For each value in a feature, MinMaxScaler subtracts the minimum value in the feature and then divides by the range. The range is the difference between the original maximum and original minimum.

MinMaxScaler preserves the shape of the original distribution. It doesn’t meaningfully change the information embedded in the original data.

Note that MinMaxScaler doesn’t reduce the importance of outliers.

The default range for the feature returned by MinMaxScaler is 0 to 1.

> ``MinMaxScaler is a good place to start unless you know you want your feature to have a normal distribution or want outliers to have reduced influence.``


### **2. RobustScaler**
> If your data contains **many outliers**, scaling using the mean and standard deviation of the data is likely to not work very well. In these cases, you can use the *RobustScaler*. **It removes the median and scales the data according to the quantile range.** The exact formula of the RobustScaler is not specified by the documentation. If you want full details you can always check the source code.

> By default, the scaler uses the Inter Quartile Range (IQR), which is the range between the 1st quartile and the 3rd quartile. The quantile range can be manually set by specifying the quantile_range parameter when initiating a new instance of the RobustScaler. Here, we transform feature 3 using an quantile range from 10% till 90%.

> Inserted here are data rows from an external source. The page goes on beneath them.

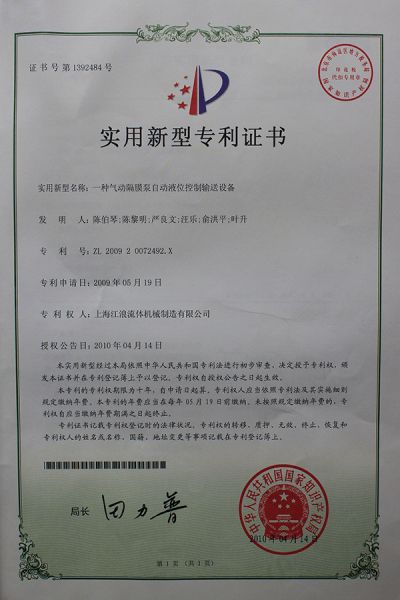 气动隔膜泵自动液位控制设备实用新型专利证书
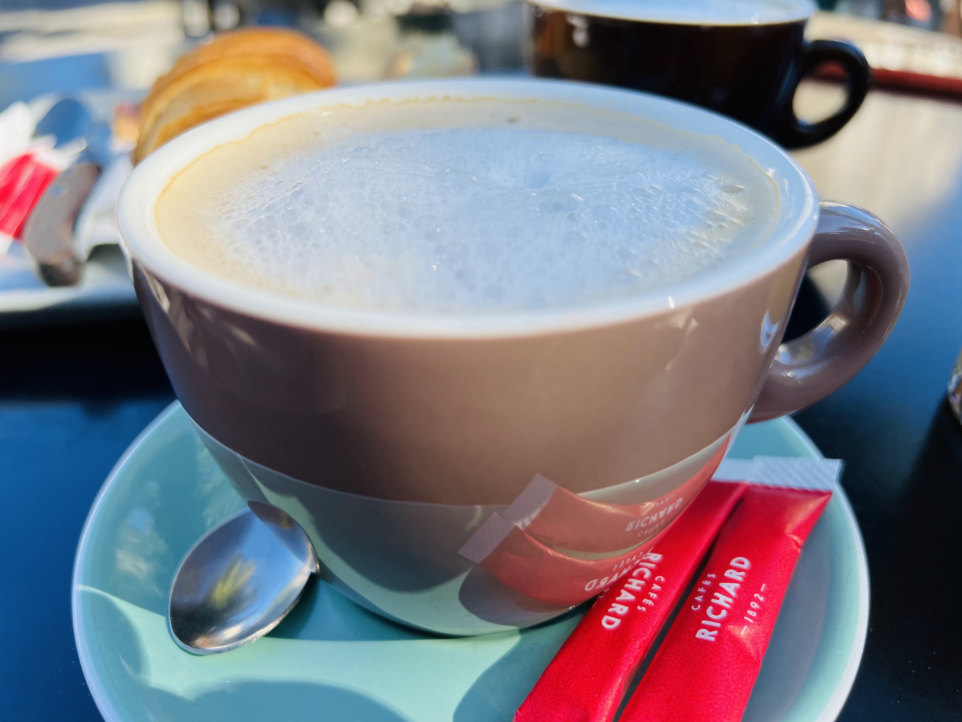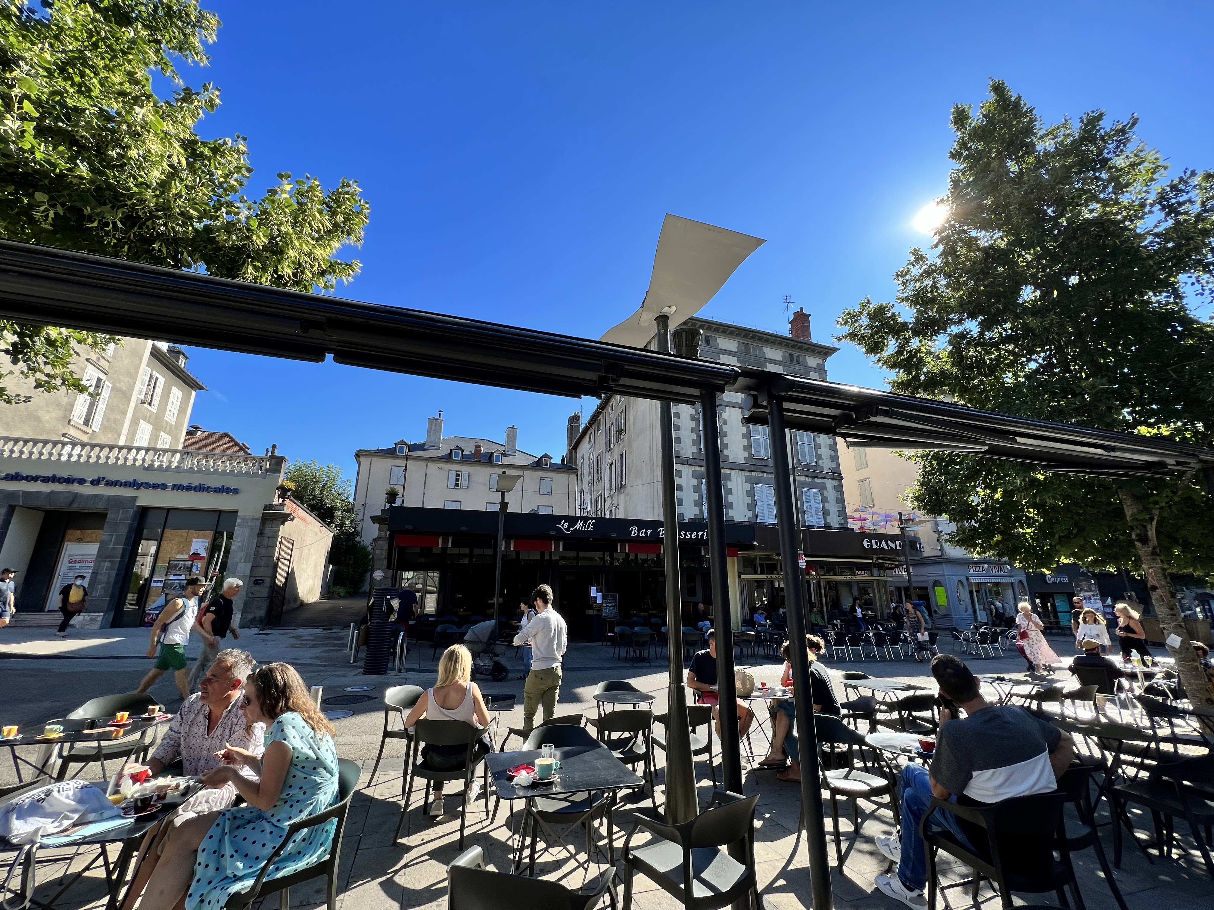 Je m assois sur la terrasse du bar Milkpour prendre un petit café et un verre d'eau en attendant de prendre le bus pour aller au bistrot du marché à Aurillac. Aujourd'hui le 22/06/17 Je venais me promener par le bus n' 50 pour aller au centre nautique puis le retour en ville chez Milk pour déguster le café
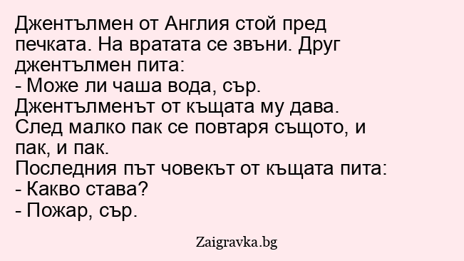 Джентълмен от Англия стой пред печката. На вратата се звъни. Друг джентълмен пита:
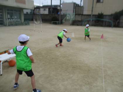 マットあそびの次は、パスゲームです。ただ単にパスをするだけではなく、ゴールまで味方と力を合わせてボールを運ぶことに難しさと戸惑いがありました。しかし、「ボールを持っていない味方が動いてパスをもらう!」と気づくことができました。もうすぐねらい2も始まり、さらにレベルアップしていきます!
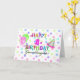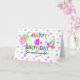 Um cartão de aniversário do partido do divertimento para uma neta de 1 ano com confetes no fundo em cores pastel, no centro com "primeiro aniversario feliz colorido" e na "neta" no preto. No lado esquerdo das palavras você encontra um balão cor-de-rosa das bolinhas e um balão verde das bolinhas, um chapéu do partido no direito.
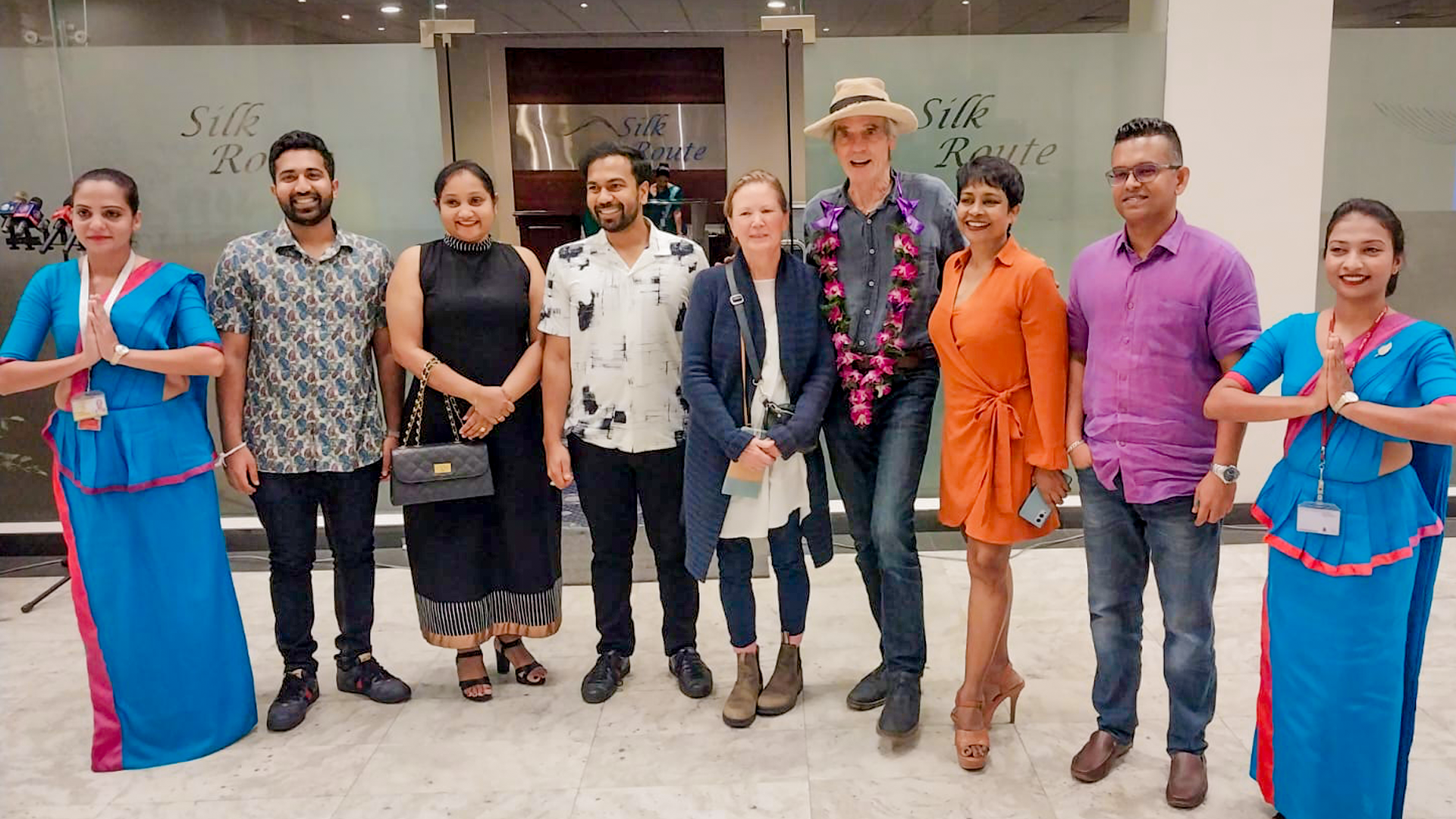Upon arrival, Irons was welcomed by Harendra Wijewardene, Deputy Director of the Tourism Promotion Bureau, and Chaminda Munasinghe, Assistant Director of the International Filmmaking and Promotion Division.

RobustScaler transforms the feature vector by subtracting the median and then dividing by the interquartile range (75% value — 25% value).

Like MinMaxScaler, our feature with large values — normal-big — is now of similar scale to the other features. Note that RobustScaler does not scale the data into a predetermined interval like MinMaxScaler. It does not meet the strict definition of scale I introduced earlier.

Note that the range for each feature after RobustScaler is applied is larger than it was for MinMaxScaler.

> ``Use RobustScaler if you want to reduce the effects of outliers, relative to MinMaxScaler.``

### **3. StandardScaler**
> Sklearn its main scaler, the StandardScaler, uses a strict definition of standardization to standardize data. It purely centers the data by using the following formula, where u is the mean and s is the standard deviation.

``x_scaled = (x — u) / s``

StandardScaler standardizes a feature by subtracting the mean and then scaling to unit variance. Unit variance means dividing all the values by the standard deviation. StandardScaler does not meet the strict definition of scale I introduced earlier.

StandardScaler results in a distribution with a standard deviation equal to 1. The variance is equal to 1 also, because variance = standard deviation squared. And 1 squared = 1.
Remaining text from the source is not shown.